Rows which are successfully processed will be added to PROCESSED_uninvalidated_addresses_*.csv and errored rows be appended to ERROR_uninvalided_addresses_*.csv with the corresponding error details written to ERROR_DETAIL_uninvalidated_addresses_*.csv.

Bulk Deactivate UAC

Bulk deactivate uac files can be dropped in a bucket for processing, the file format required is

qid
0123456789

Including the header row.

The file should be placed in the configured bulk deactivate uac bucket with a name matching deativate_uac_*.csv, then the processor can be run with

bulkdeactivateuacs

Bulk Address Update

Bulk address updates can be dropped in a bucket for processing, the file format required is

CASE_ID,UPRN,ESTAB_UPRN,ESTAB_TYPE,ABP_CODE,ORGANISATION_NAME,ADDRESS_LINE1,ADDRESS_LINE2,ADDRESS_LINE3,TOWN_NAME,POSTCODE,LATITUDE,LONGITUDE,OA,LSOA,MSOA,LAD,HTC_WILLINGNESS,HTC_DIGITAL,TREATMENT_CODE,FIELDCOORDINATOR_ID,FIELDOFFICER_ID,CE_EXPECTED_CAPACITY,CE_SECURE,PRINT_BATCH
ce00bce1-4d3f-400c-95df-a3d8150622c3,123456789,987654321,ROYAL HOUSEHOLD,4321,foo_incorporated,foo flat1,foo some road,foo somewhere,foo some town,F00 BAR,0.0,127.0,foo_1,foo_2,foo_3,foo_4,5,3,HH_LP1E,ABC123,XYZ999,10,1,99

This follows similar validation rules as the sample loader.

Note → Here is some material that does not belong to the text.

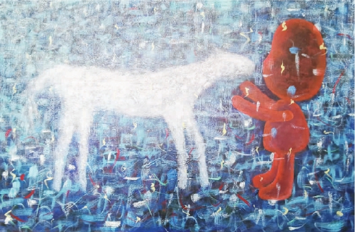 今年恰逢内蒙古首届国际马文化博览会举办,内蒙古自治区上下都在为弘扬蒙古马精神、建设新时代的内蒙古而殚精竭虑,本次展览正好契合了这个主题。什么是蒙古马精神?我以为就是自强、乐观、自由、宽容、脚踏实地、不畏艰苦、团结奋进。纵观展出的作品,我确实感受到了艺术家们对蒙古马精神的独到理解和阐释。形式上,他们不拘泥于马的具象化表征,摒弃了模式化的创作思维,而更多的是以或抽象、或卡通、或具有符号化的,甚至是变形的方法,表现马的形态和生命内涵,以及马所象征的人的精神力量。在艺术手法上他们更是大胆尝试,不光有油画、丙烯、水彩、国画、木刻、雕塑还有铜版画以及马克笔绘制的作品。比如金刚的《鞍马史诗》 ,用旧马车的辕木、旧马鞍和马饰以及废弃的门板组合成马的几何形状,给人一种古朴的空间感和时间感。吴智彬的《浮城》则以马克笔细密的笔触描绘了一个既逼真又幻象的超现实世界。苏德巴特尔的油画《战神》将传统装饰与现代卡通融为一体,描摹了以长生天和战马为核心的蒙古精神,极具想象力。青格尔的油画《蒙古脸谱》给我印象尤为深刻,他以仿蒙古族传统皮雕的形式,将漫画和装饰画的笔法融入他的构图,那一个个挤压在似烟囱和管道中的脸,隐喻了现代性与游牧文明的冲撞和融合。展览策展人莫尼的作品也给人与众不同的感受,他的油画《沉默的他们》系列作品将代表草原游牧精神的马与当代社会的众声喧哗进行比照,使沉默产生了形而上的寓意。而另一位策展人朝鲁的油画《骑士》 ,则借鉴了古代壁画和岩画的形态,粗粝而富有历史气息。孙玉宝的《冬牧》以现代水墨的手法,表现了在严酷的自然环境中牧人与马的依存关系。而钱达木尼的丙烯《寻· 3》中的马被赋予了蒙古族人崇尚的蓝色,将马的姿态、节奏与大自然的绚烂融为一体,具有很强的表现主义风格。靳双双的油画《花花世界的幻想》则是一个“90后”城市女孩对马和牛的奇妙的想象,画面清新、淡雅,有水彩般的透明感。此外,油画或丙烯类还有芬笋得日的《无声的自述》 、李旭东的《晨曲》 、旭日花的《草原印象》 、白嘎力的《浮影》 、孟和琪琪格的《静谧》 、苏龙嘎的《梦》 、旭日嘎的《15℃》以及段琦琦的《同在》 ;国画有海日汗的《天灵》 、敖宝林的《鬃飞》 、孟和乌力吉的《蓝骑士》 ;雕塑有萨其日拉图的《牧马人系列:初恋》 、高贝的《敕勒川印象》 、岳布仁的《草原恋》 ;水彩有那日苏的《风马》 ;版画有伊兰纳的A t T h a t M o m e n t等,这次展览既以“80后” “90后”为主体,又以上世纪五六七十年代出生的艺术家为先导,形式多种多样,内容丰富多彩,受到社会各界的关注和好评。

To process the file it needs to be put in the bulk address update bucket with a name matching address_updates_*.csv. The processor can then be run with

bulkaddressupdate

Rows which are successfully processed will be added to PROCESSED_address_updates_*.csv and errored rows be appended to ERROR_address_updates_*.csv with the corresponding error details written to ERROR_DETAIL_address_updates_*.csv.

Bulk Non-Compliance

Bulk non-compliance files can be dropped in a bucket for processing, the file format required is

CASE_ID,NC_STATUS,FIELDCOORDINATOR_ID,FIELDOFFICER_ID
16400b37-e0fb-4cf4-9ddf-728abce92049,NCL,ABC123,XYZ999
180e2636-d8e5-4949-bced-f7a0c532190c,NCF,ABC123,XYZ999

Including the header row.

The non-compliance status must be one of

NCL - for 1st letter
NCF - for field follow up

The file should be placed in the configured bulk non-compliance bucket with a name matching non_compliance_*.csv, then the processor can be run with

bulknoncompliance

Rows which are successfully processed will be added to PROCESSED_non_compliance_*.csv and errored rows be appended to ERROR_non_compliance_*.csv with the corresponding error details written to ERROR_DETAIL_non_compliance_*.csv.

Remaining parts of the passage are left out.